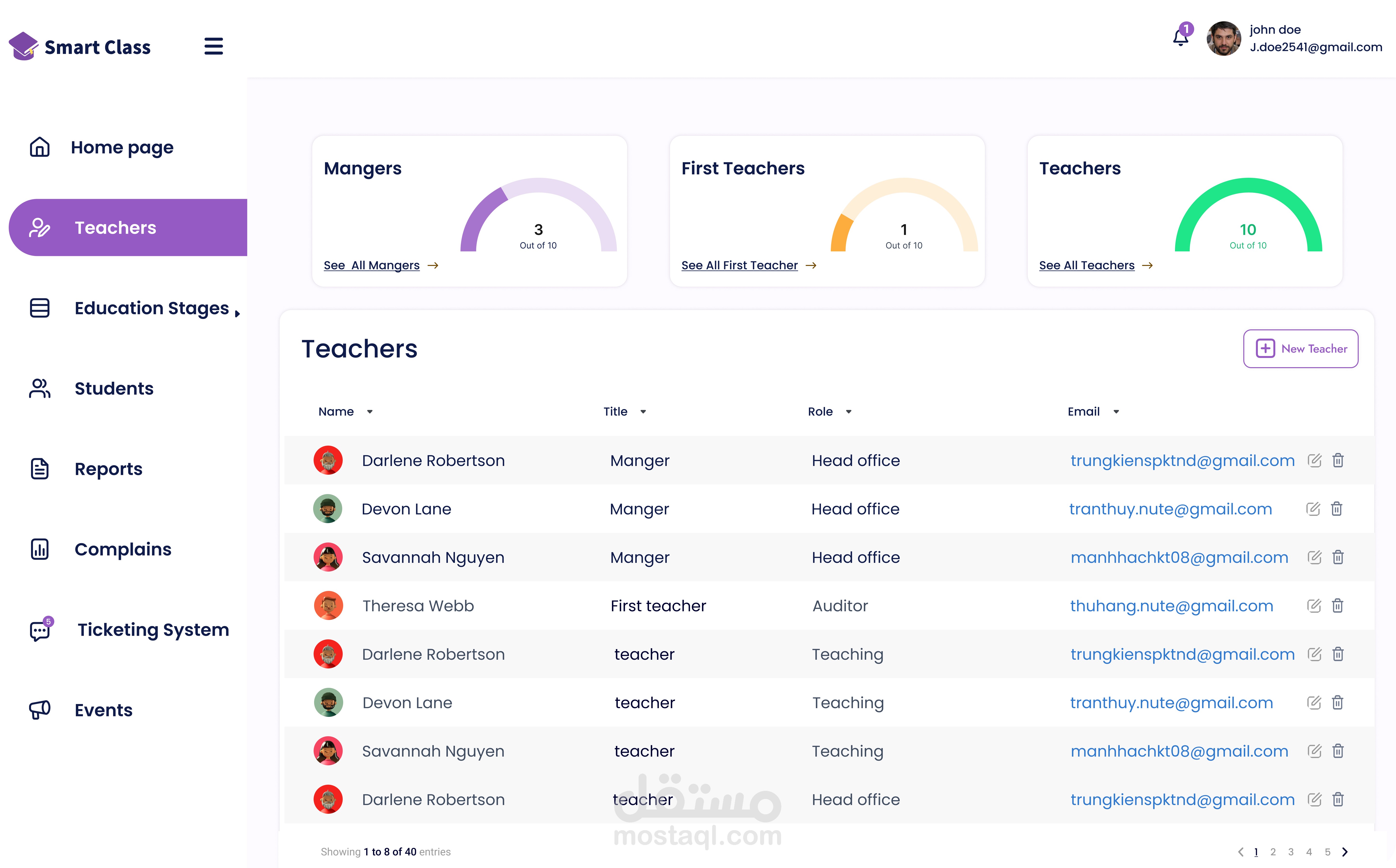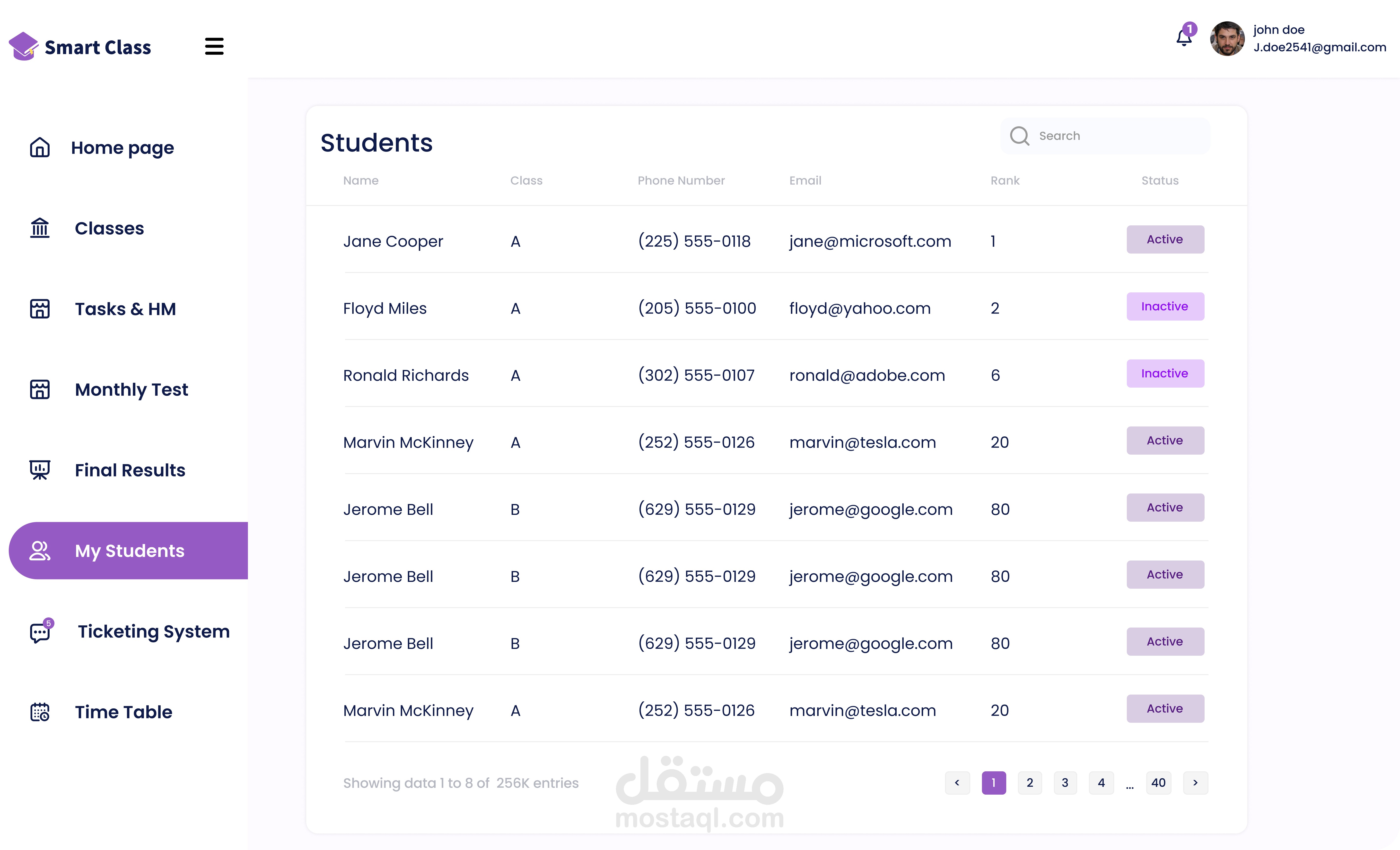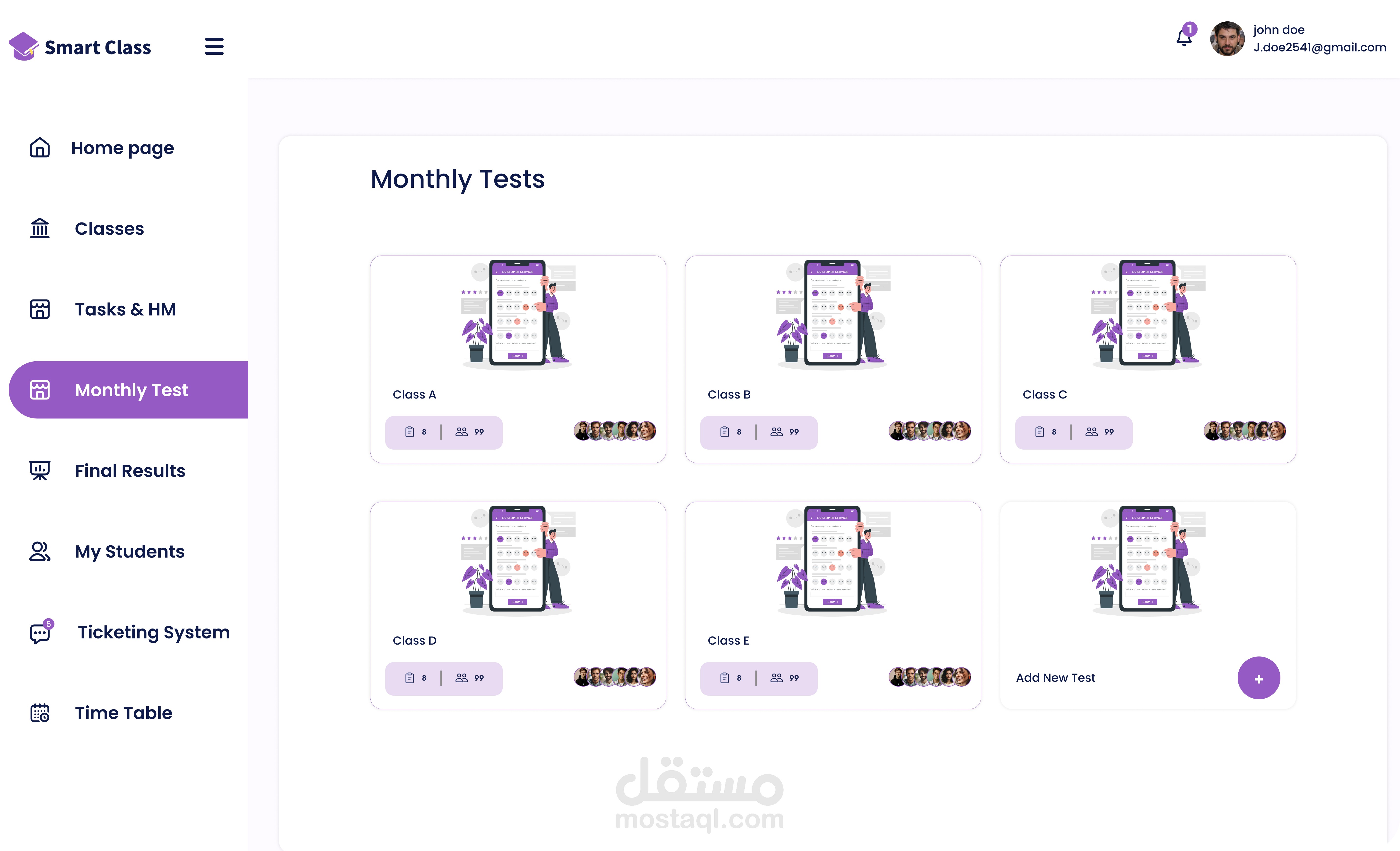قمت بتصميم نظام SaaS تعليمي (Smart Class) يهدف إلى تحسين إدارة العملية التعليمية داخل المدارس من خلال تجربة مستخدم سهلة ومنظمة.
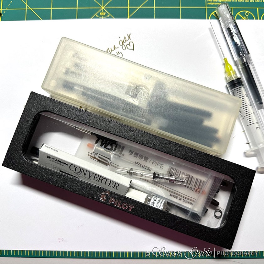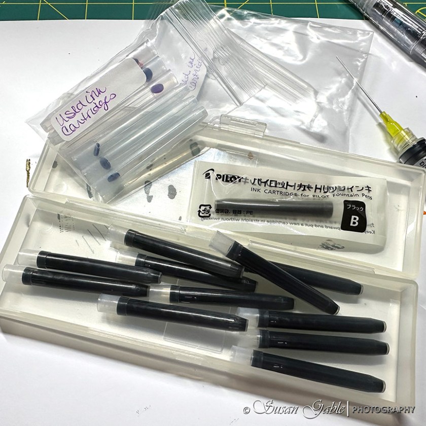 I use/reuse the included (Pilot) ink cartridges. I’m sure folks out there in the fountain pen world have tossed the “included” black ink cartridges into a container/box or even the trash. Do not throw them away!
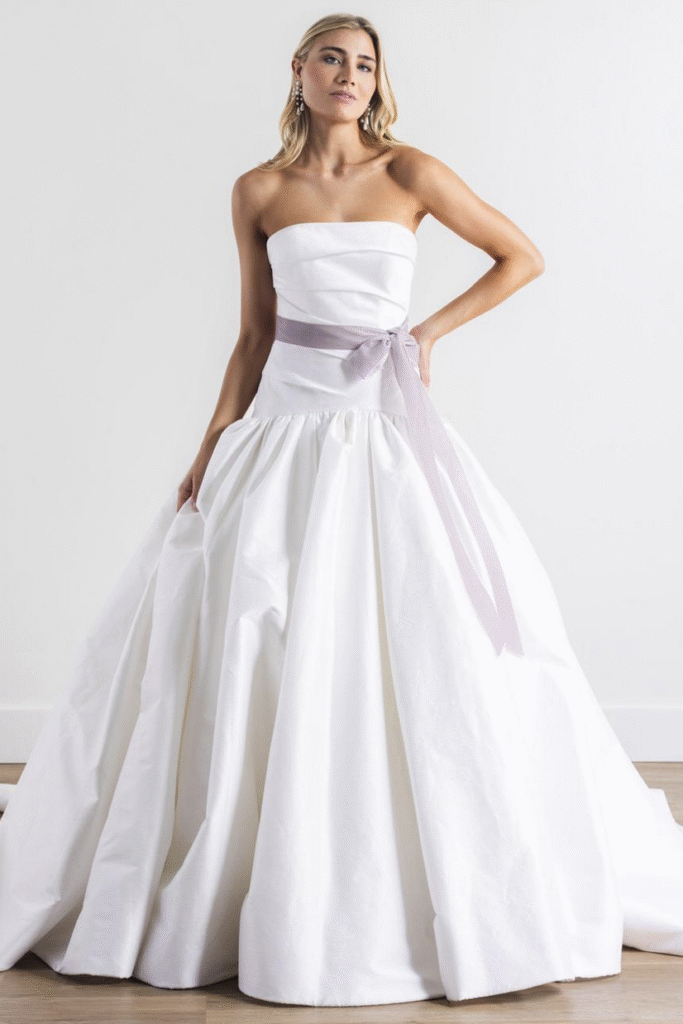 You can have a sash, a thin strip of color at the waist, or a bow that could coordinate perfectly with your wedding colors (flowers, bridesmaid dresses, wedding decor, etc). Wedding gowns with dropped or basque waists look beautiful with a colored sash, like our new Parvati gown from Wtoo by Watters.
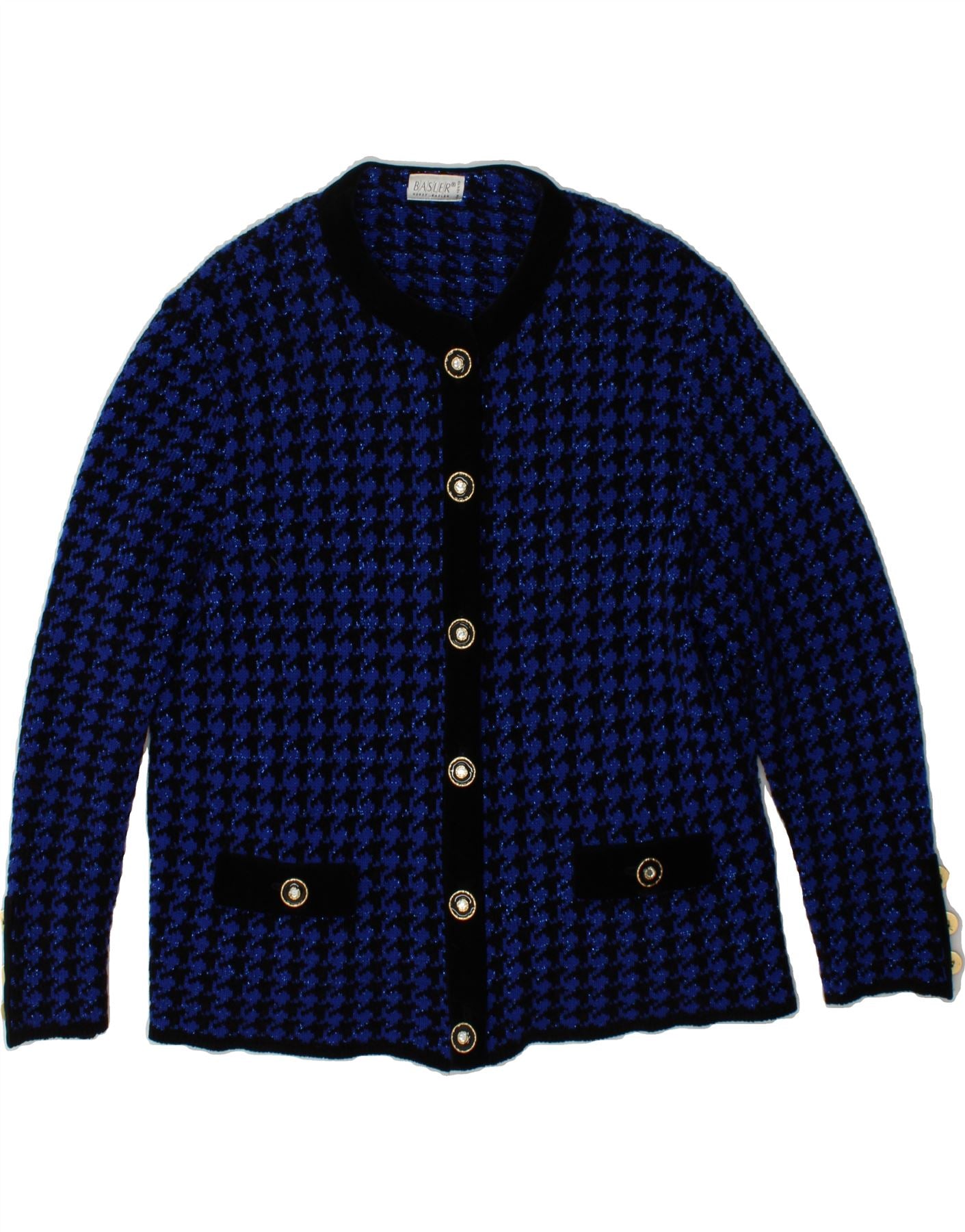 BASLER Womens Cardigan Sweater EU 42 Large Blue Houndstooth Wool
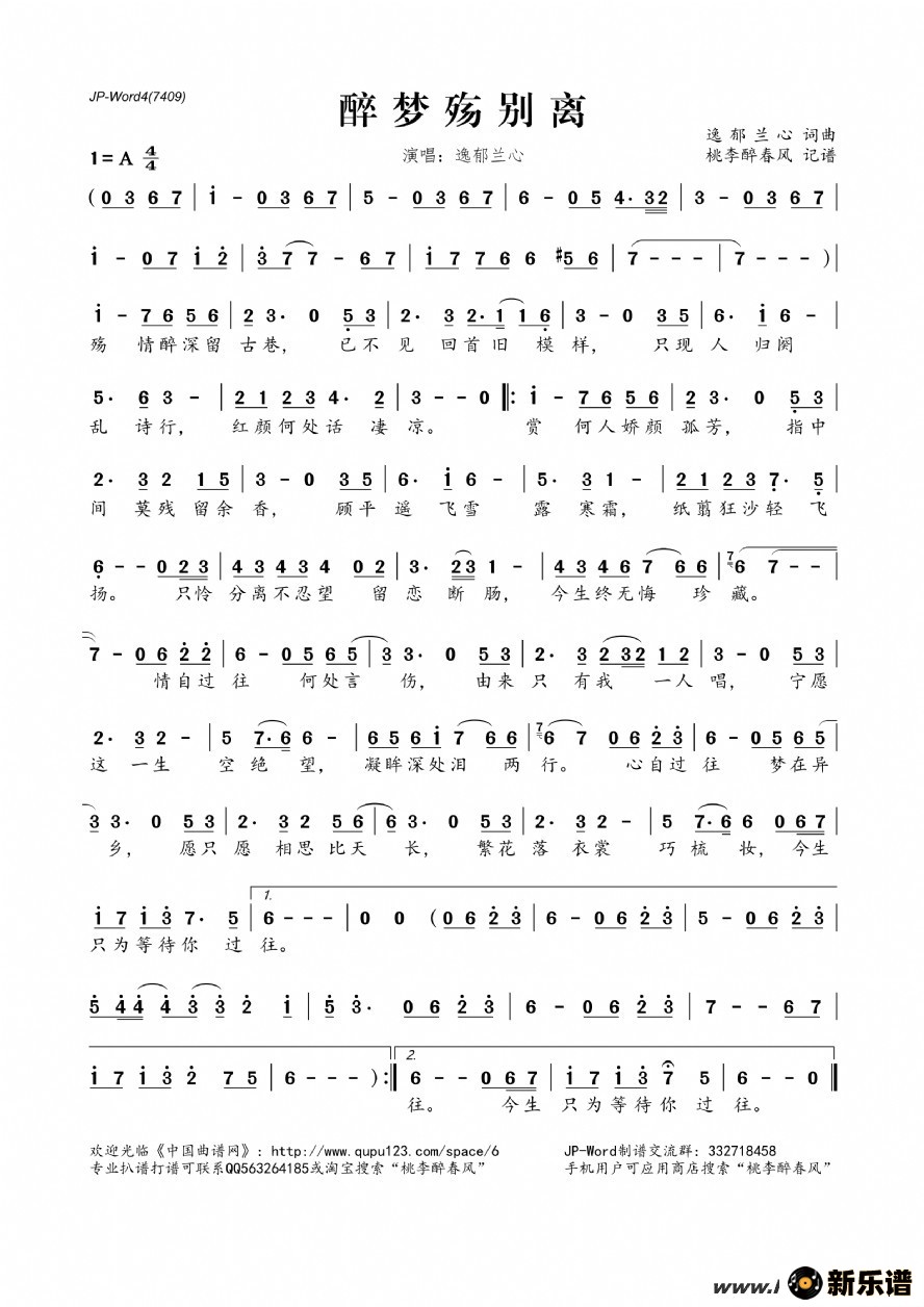 逸郁兰心演唱的醉梦殇别离歌词,醉梦殇别离简谱.
____________________
- Problem: In the copy, include exactly the lines from the one containing "I use/reuse the" through the last line of the records, and no pictures or other text.

- Written reply:
 I use/reuse the included (Pilot) ink cartridges. I’m sure folks out there in the fountain pen world have tossed the “included” black ink cartridges into a container/box or even the trash. Do not throw them away!
 You can have a sash, a thin strip of color at the waist, or a bow that could coordinate perfectly with your wedding colors (flowers, bridesmaid dresses, wedding decor, etc). Wedding gowns with dropped or basque waists look beautiful with a colored sash, like our new Parvati gown from Wtoo by Watters.
 BASLER Womens Cardigan Sweater EU 42 Large Blue Houndstooth Wool
 逸郁兰心演唱的醉梦殇别离歌词,醉梦殇别离简谱.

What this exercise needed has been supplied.